Thinking about getting a mortgage? Well, this is a decision that is easier said than made. In modern times, there are a range of options to consider when trying to get a mortgage. There are numerous types of mortgage loans and each one has its own intricacies that have to be contemplated over. Let’s take a look at some of these different types of loans and what they are all about.
When contemplating over different types of mortgage loans, let’s begin with open mortgages. These mortgages are built around the idea of being able to repay the loan within any time frame and not be penalized for it.
These types of mortgages are generally on the shorter side of the term spectrum. These are smaller sums that can be paid in a shorter time span by an approved borrower.
The terms on these loans are generally higher because of how short and easy they are for the borrower to follow. There are minimal restrictions on the borrower and this is a major advantage for those who need an immediate flood of money into their account to pay off an expense.
These are the opposite of open mortgages as they have a fixed set of terms that have to be abided by. There are no opportunities to have the mortgage refinanced or renegotiated down the road.
Whatever has been established from the get go is exactly how the mortgage will play out. If the borrower cannot pay back the amount, they will be penalized on the spot.
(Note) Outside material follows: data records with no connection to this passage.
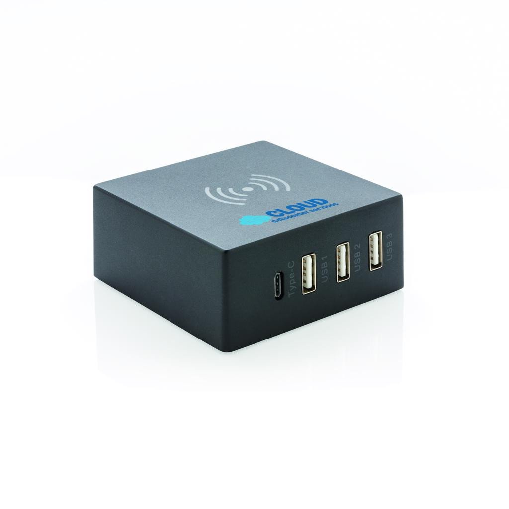 Station de charge USB 2 en 1, vous permet de charger votre téléphone via induction ou via un port USB/USB C. Pour charger sans fil il vous suffit de placer votre téléphone au-dessus pour que le chargement commence. Les ports USB fournissent une sortie 6A et aide au chargement rapide de vos appareils portables via USB C (3A). Câble de 1,5 mètre inclus pour le brancher à une prise de courant. Le chargement sans fil est compatible avec tous les QI d'autres appareils de dernière génération comme Android, iPhone 8 et plus. Input AC: 100-240v/50-60Hz. Output 5V/6A.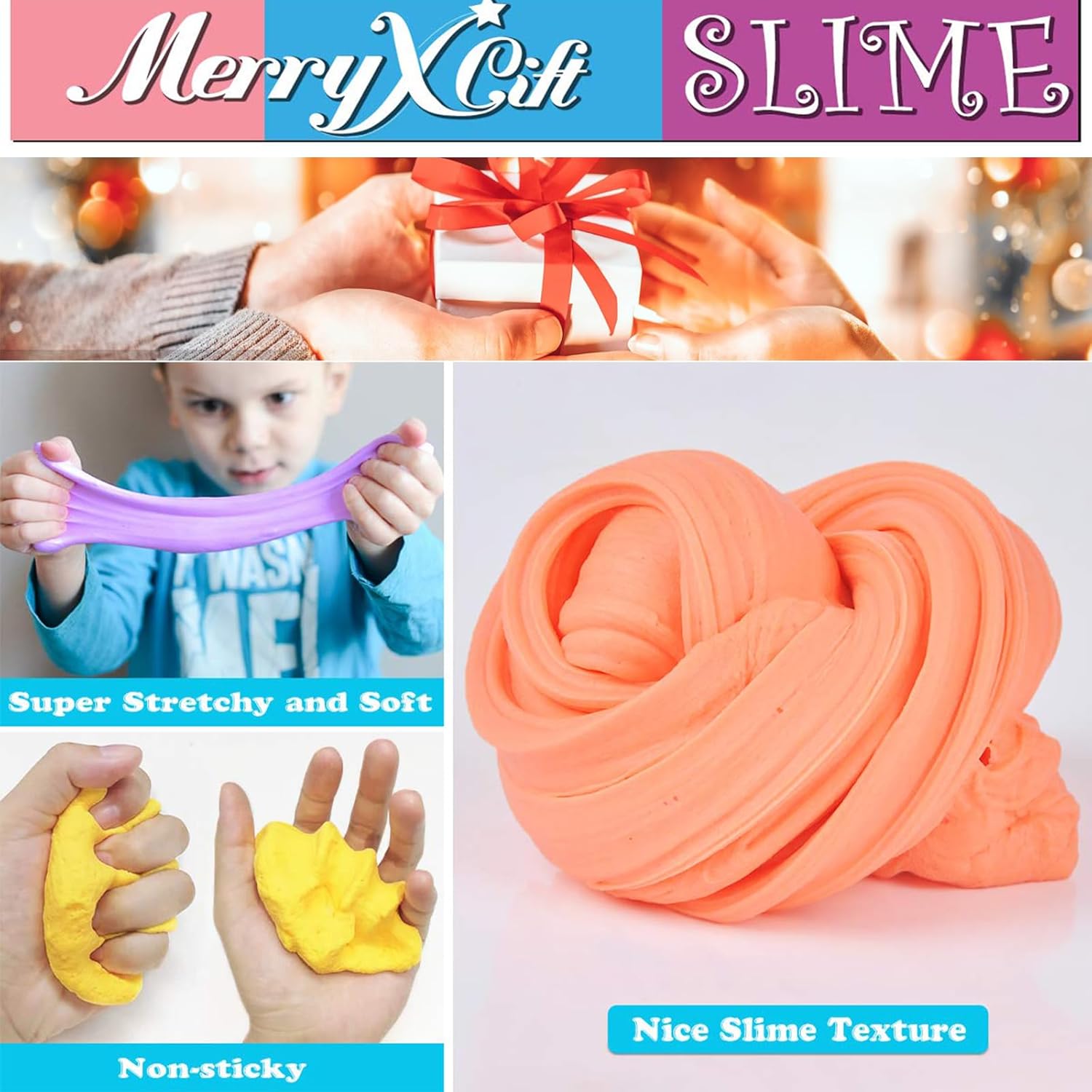 ★Not sticky: Slime super soft, free to pull, rub,fold, roll, not sticky, easy to clean.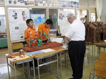さらに進んで、M2のフロアでは、2月に実施した「ハワイ宿泊学習」のまとめが行われていました。「歴史」「文化」「自然」とクラスでテーマを決め、工夫を凝らした展示が行われていました。来校した理事長先生の前でタロイモやコナコーヒーのことを一生懸命に語る児童の様子に好感が持てました。

There is no way of getting out from under the penalties with this type of mortgage. The better part about these mortgages is they come with easier terms because of how restricting they are in general.
High Ratio Mortgages
This is a type of mortgage that takes a peek at the down payment involved with the process and tweaks it. The borrower is allowed to pay less than 20% on the down payment when they are acquiring the mortgage.
These are those loans that have the protection of the FHA and the government. These are insured that if the borrower does not pay them back, the government will take responsibility. This makes it much more affordable for all parties involved and reduces the risk for the lenders.
Fixed Rate Mortgages
These mortgages have a ‘fixed rate’ assigned to them within the terms. Right when the mortgage is signed, then the fixed rate goes into effect. This is the rate with which the interest will accumulate regardless of what happens in the market. This can also allow for the borrower to repay the loan on their own accord and have the ability to pay it back in different ways. This can be a positive or a negative depending on the borrower and the market at the time.
Hopefully you now have a better idea about different types of mortgages. Now you can go out and get one yourself if you qualify. Use the information above to give you the help you will need when you hunt for the proper loan.